K-Medoids and K-Means are two popular methods of partitional clustering. The consensus is that K-Medoids is better at clustering data when there are outliers (source). This is because it chooses data points as cluster centers (and uses Manhattan distance), whereas K-Means chooses any center that minimizes the sum of squares, so it is more influenced by outliers.
This makes sense, however when I use these methods to do a simple test on made up data, it does not suggest that using Medoids is better at dealing with outliers, in fact it is sometimes worse. My question is: Where in the following test have I gone wrong? Perhaps I have some fundamental misunderstanding about these methods.
First, some made up data (named 'comp') which makes 3 obvious clusters
x <- c(2, 3, 2.4, 1.9, 1.6, 2.3, 1.8, 5, 6, 5, 5.8, 6.1, 5.5, 7.2, 7.5, 8, 7.2, 7.8, 7.3, 6.4) y <- c(3, 2, 3.1, 2.6, 2.7, 2.9, 2.5, 7, 7, 6.5, 6.4, 6.9, 6.5, 7.5, 7.25, 7, 7.8, 7.5, 8.1, 7) data.frame(x,y) -> comp library(ggplot2) ggplot(comp, aes(x, y)) + geom_point(alpha=.5, size=3, pch = 16)

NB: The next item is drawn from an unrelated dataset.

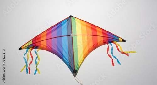 Rainbow kite with tassels floats against a soft, diffused gray backdrop
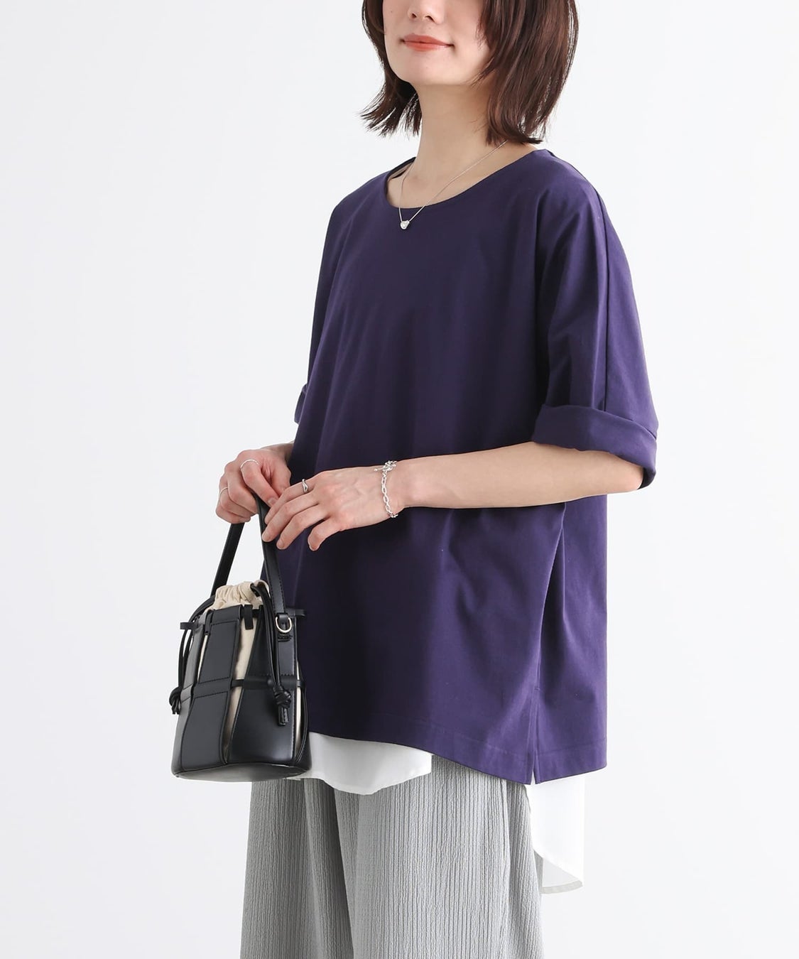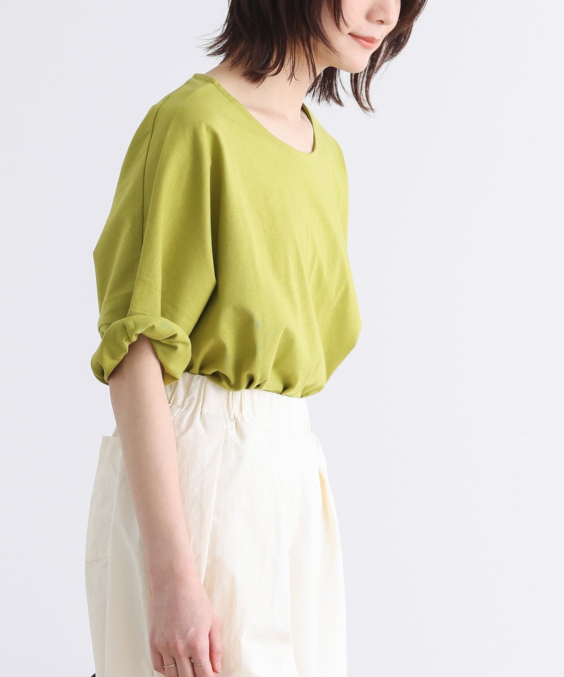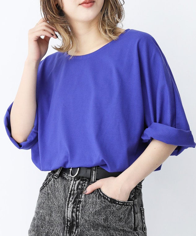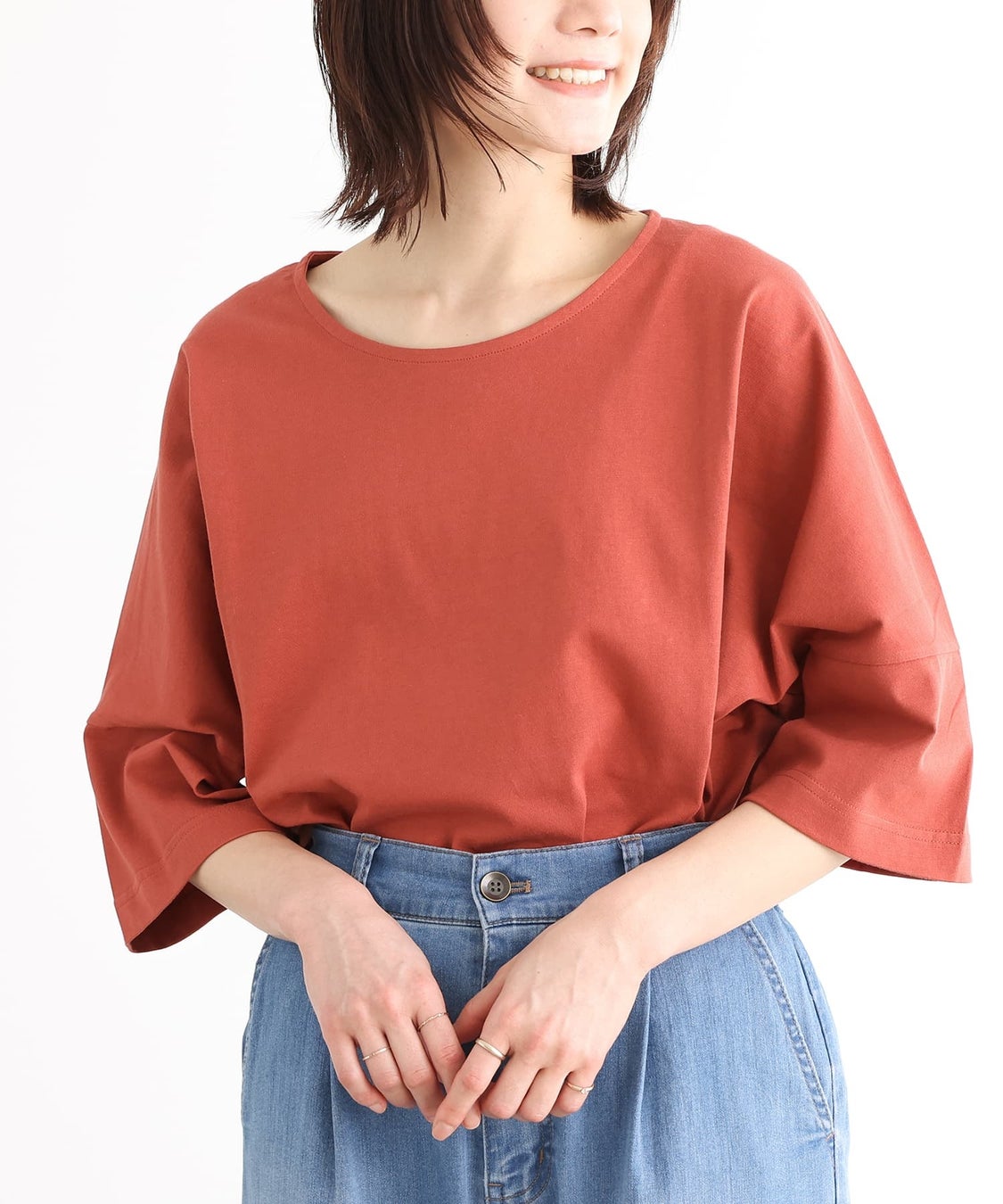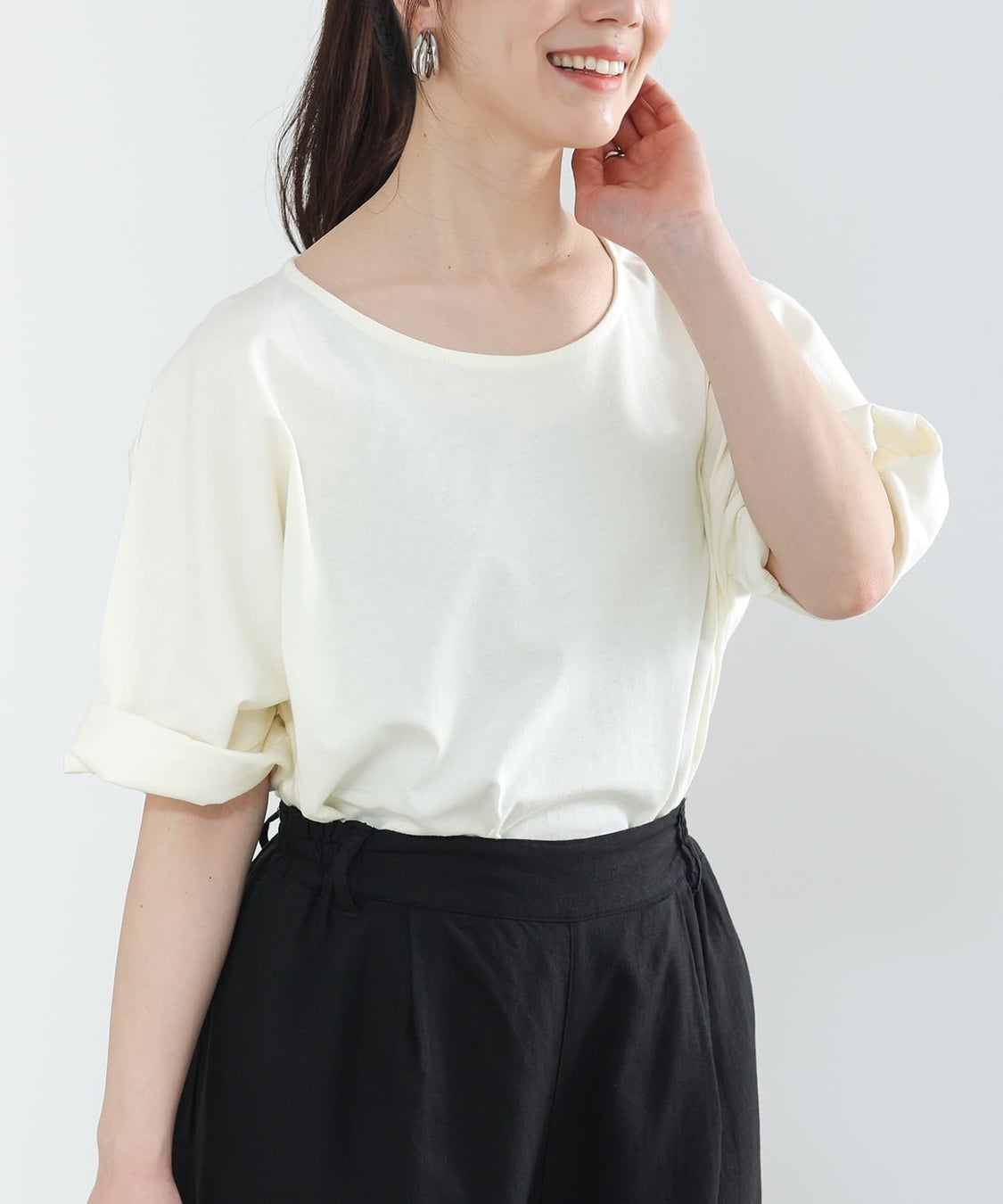ただのシンプルなTシャツではなく、気になる二の腕やヒップ回りもしっかり隠しながら、着るだけでこなれ感のあるゆったりとしたシルエットが魅力です。

It is clustered with the package 'vegclust', which can do both K-Means and K-Medoids.
library(vegclust) k <- vegclust(x=comp, mobileCenters=3, method="KM", nstart=100, iter.max=1000) #K-Means k <- vegclust(x=comp, mobileCenters=3, method="KMdd", nstart=100, iter.max=1000) #K-Medoids
When making a scatterplot, both K-Means and K-Medoids pick up the 3 obvious clusters.
color <- k$memb[,1]+k$memb[,2]*2+k$memb[,3]*3 # Making the different clusters have different colors # K-Means scatterplot ggplot(comp, aes(x, y)) + geom_point(alpha=.5, color=color, pch = 16, size=3) # K-Medoids scatterplot ggplot(comp, aes(x, y)) + geom_point(alpha=.5, color=color, size=3, pch = 16)
Now an outlier is added:
comp[21,1] <- 3 comp[21,2] <- 7.5
This outlier shifts the center of the blue cluster to the left of the graph.
As a result, when using K-Medoids on the new data, the right-most point of the blue cluster is broken off and joins the red cluster.
K-Medoids finds the correct clusters 0% of the time. Interestingly, K-means actually generates better (more intuitive) clusters with the new data about 25% of the time depending on the random initial cluster centers (you may have to run several times to get the correct clustering).
As you can see from this example, K-Means was actually better at handling outliers than K-Medoids (same data, same package etc.). While K-Means wasn't always correct, K-Medoids was never correct. If a researcher studied this data and ran both K-Means and K-Medoids several times, then chose the best result from each, K-Means would have been better at dealing with the outlier.
Can someone explain these results? Have I done something wrong in my test or misunderstood how these methods work?